==== SUPPLIED ENTRIES ====

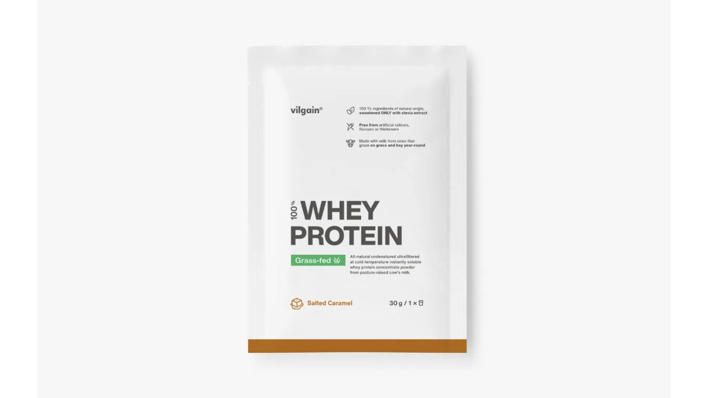 Ingredience: Ultrafiltrovaný syrovátkový proteinový koncentrát 92 % (mléko, emulgátor: slunečnicový lecitin), přírodní aroma, barvivo: karamel, Himalájská sůl 1 %, sladidlo: steviol‑glykosidy. Upozornění pro alergiky: alergeny jsou vyznačeny tučně ve složení. Může obsahovat arašídy a skořápkové plody. Výživové údaje: 100 g 30 g Energetická hodnota 1655 kJ / 391 kcal 497 kJ / 117 kcal Tuky 5,7 g 1,7 g - z toho nasycené mastné kyseliny 3,7 g 1,1 g Sacharidy 13,3 g 4 g - z toho cukry 8,4 g 2,5 g Bílkoviny 71,6 g 21,5 g Sůl 1,4 g 0,40 g
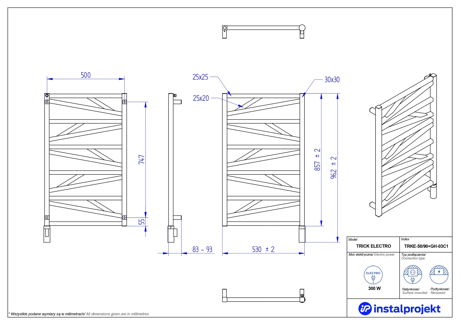 TRICK ELECTRO oferuje nie tylko oryginalny design, ale też dużą wygodę. Wynika ona z obecności poziomych profili, na których rozwiesisz niewielkie tekstylia, by je dosuszyć i oczywiście dużej wydajności grzewczej. Dzięki opatentowanej technologii urządzenie pobiera stosunkowo niewiele energii wobec ciepła, jakie generuje, uprzytulniając nawet dużą i chłodną łazienkę. Wykorzystano w nim najnowszy model grzałki elektrycznej: HOT2. Za jej sprawą grzejnik zyskał kilkustopniowe sterowanie dotykowe, timer, sygnalizację stanów alarmowych, a nawet tryb przeciwdziałający zamarzaniu. To oznacza łatwą obsługę dla wszystkich domowników. Urządzenie może zostać zamontowane na dwa sposoby: natynkowo lub podtynkowo.MOŻLIWOŚĆ ZAMÓWIENIA WERSJI PODTYNKOWEJ
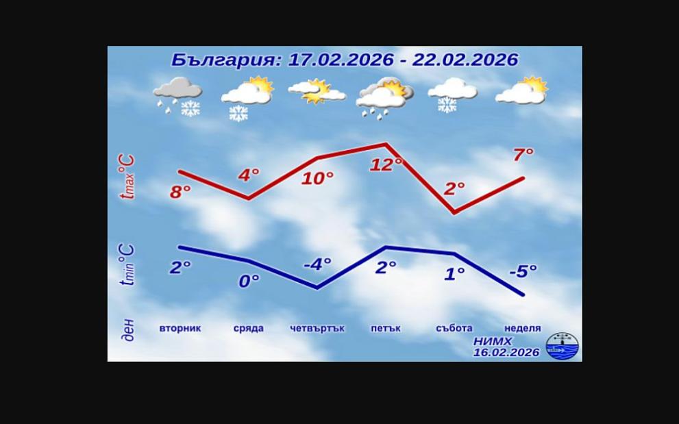 Ще е облачно с повсеместни, на места значителни валежи. В Северна и Западна България ще вали сняг и ще се образува снежна покривка, а в Горнотракийската низина и по Черноморието ще вали дъжд, който със застудяването вечерта ще преминава в сняг. Ще духа умерен и временно силен северозападен, в източната половина от страната – североизточен вятър и с него ще нахлува студен въздух. Температурите ще се понижат значително и ще са почти без денонощен ход – между 0° и 5°.
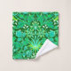 Towel set in a vintage William Morris pattern of hyacinths, tulips and leaves, in shades of emerald and jade green, accented with aqua and white, on a deep forest green background
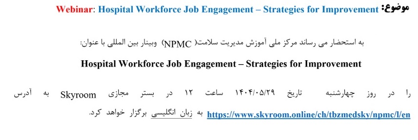 وبینار آموزشی بین المللی Hospital Workforce Job Engagement – Strategies for Improvement ۲۹ مرداد ۱۴۰۴ | ۱۰:۰۱ کد : ۵۳۹۲۵ اطلاعیه ارسال به دیگران نام شما ایمیل شما ایمیل دریافتکننده ارسال انصراف تعداد بازدید:۱۵۸۶ وبینار آموزشی بین المللی Hospital Workforce Job Engagement – Strategies for Improvement
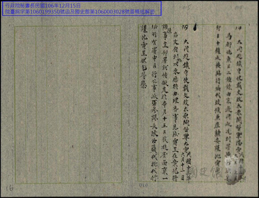 閻錫山史料/文件/電報/各方往來電文原案及錄存
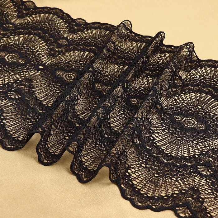 Кружевная эластичная ткань, 240 мм, 2.7±0.5 м, чёрная №8 4 фото
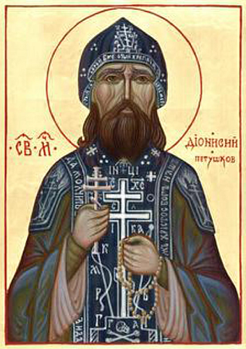 Преподобномученик Дионисий родился 26 сентября 1866 года в деревне Сумино Савцинской волости Кашинского уезда Тверской губернии в семье крестьян Иосифа Иоакимовича и Матроны Ивановны Петушковых. 24 сентября 1905 года Дионисий Иосифович поступил послушником в Нило-Столобенскую пустынь в Осташковском уезде Тверской губернии и исполнял здесь послушание свечника. 10 января 1910 года он был пострижен в монашество с именем Евфимий. Впоследствии он был пострижен в схиму с именем Дионисий и подвизался в обители до ее закрытия безбожниками в 1927 году.На следующий день после закрытия пустыни, сюда приехал благочестивый богатый крестьянин Сергей Федорович Комаров; он был давним благотворителем Нило-Столобенской обители. В 1910 году он к своей земле прикупил землю вышневолоцкого купца, построил на этой земле хутор и успешно занимался хлебопашеством, применяя передовые технологии и машины; он регулярно жертвовал в монастырь сельскохозяйственные продукты, выращенные на своей земле. В 1920-х годах прихожане избрали его председателем церковной двадцатки.Видя бедственное положение братии при советской власти, он давно мечтал пригласить жить на хутор кого-нибудь из монахов и, когда оказался в закрытом монастыре, то тут же и пригласил переехать к себе отца Дионисия, которого знал в течение многих лет и почитал как благодатного старца. Сергей Федорович выделил ему на своем хуторе Черенчиха пустовавшую избу из двух комнат. В одной комнате старец ночевал, а другая была отведена под моленную, где он поставил сделанный для себя гроб.Местному населению скоро стало известно, что на хуторе поселился схимонах из Нило-Столобенской обители, и люди потянулись к нему – кто за благословением на то или иное дело, кто испросить совета, как поступить в трудном случае чаще всего семейной жизни, кто приходил спросить, стоит ли вступать в колхоз, а иные просили помолиться об исцелении от какого-нибудь недуга. Отец Дионисий всех принимал и, помолившись, больных помазывал маслом из лампады. Со временем к старцу стало стекаться все больше людей, и все это стало известно властям.В начале 1930 года в доме, где жил схимник, при участии сельских властей и колхозников был произведен обыск; обыскивавшие забрали для своих нужд некоторые вещи, необходимые в хозяйстве, но не тронули старца; вскоре после обыска отец Дионисий покинул дом и так поначалу избежал ареста. Схимника приютили верующие люди на другом хуторе, и, поскольку таких людей было немало, отец Дионисий мог перемещаться с одного хутора на другой.В полночь 6 февраля 1931 года на хутор Черенчиха прибыли сотрудники ОГПУ с намерением арестовать старца. Не обнаружив его здесь, они приступили к хозяйке, чтобы она немедленно сообщила, где находится схимник. В это время вернулся муж хозяйки, Сергей Федорович, от которого они также стали требовать, чтобы он выдал местонахождение старца, но он на это ответил: «Не знаю, где он, и какое вам до него дело. Лучше берите вместо него меня, я хочу пострадать за старца». Увидев, что с ним бесполезно вести переговоры, один из сотрудников вновь обратился к его жене, потребовав от нее, чтобы она разыскала схимника, и в конце концов заставил ее вместе с ними отправиться на его поиски. Отец Дионисий вскоре был арестован и привезен в Черенчиху, а оттуда его отправили в тюрьму.Сотрудники ОГПУ, допросив

====

> **WORK REQUEST**
Pictures excluded, transcribe the listing above exactly from the line with "閻錫山史料/文件/電報/各方往來電文原案及錄存" through the line with "Кружевная эластичная ткань, 240", and no further.

> **RESPONSE FOR THIS EXERCISE**
 閻錫山史料/文件/電報/各方往來電文原案及錄存
 Кружевная эластичная ткань, 240 мм, 2.7±0.5 м, чёрная №8 4 фото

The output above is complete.